(Reuters) – Cisco Systems Inc gave a weak outlook for the third quarter, with revenue and profit on Wednesday and said it continued to expect that there will be a break down in customer spending due to the current macro-economic environment, sending its shares down 4%.
A FILE PHOTO of A visitor is using a mobile phone on the front panel of the Cisco booth at the Mobile World Congress in Barcelona, Spain, February 26, 2019. REUTERS/Rafael Marchante
The company forecast adjusted earnings of 79 cents to 81 cents per share, the midpoint of which was in-line with the analysts estimate.
The revenue for the current quarter is expected to fall from 1.5% to 3.5%, which translates to a total of $12.51 billion to $12.77 billion, according to Reuters’ calculations. Analysts are expecting revenue of $12.62 billion.
“We are seeing more decision cycles for our customer segments, for a variety of reasons including but not limited to macro uncertainty, as well as its unique geographic issues, the” Chief Executive Officer Chuck Anderson said at the post-transcription.
“(The customers) are just a little bit of caution, and try to see what’s going on.”
The Cisco unified communications infrastructure unit, which is composed of the traditional business of supplying switches, and routers on an 8% decline in revenue, to $6.53 billion.
The company has struggled as customers increasingly prefer the use of cloud-based services, which are provided by companies such as Amazon.com Inc., Microsoft Corp. and instead of upgrading their networks and servers.
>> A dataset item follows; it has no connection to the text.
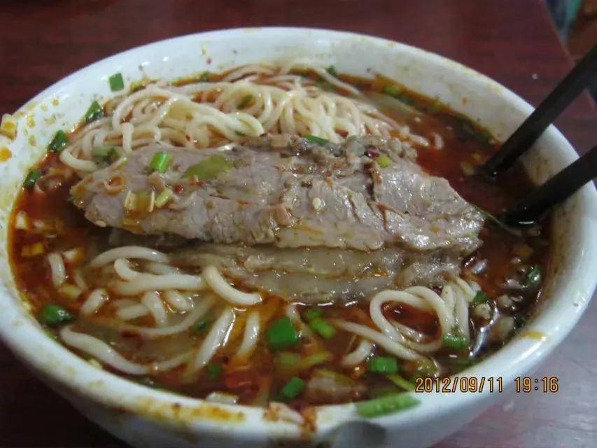 这里的兰州拉面跟北京的拉面不一样,北京的拉面如汪汪的放几片肉,白汤,这里的拉面放辣子,汤是红色的,与北京的截然不同,而且面的口味口感也与北京的不同。

Cisco reported revenue declines in all regions, including a 5% decline in south America’s largest market, accounting for about 58% of total revenue.
The broad weakness in orders is likely to be a multi-quarter problem, a Needham analyst Alex Henderson said.
The sales of the application-software unit sales decreased 8% to $1.35 billion, while the fast-growing security business firewall to provide protection, and a breach-detection systems has increased by 9% to $748 million.
Sales were down 3.5% to $12 billion in the second quarter, which ended Jan. 25, but still the analysts ‘ estimate of $11.98 billion.
Excluding items, Cisco earned 77 cents a share, edging past estimates by 1 cent.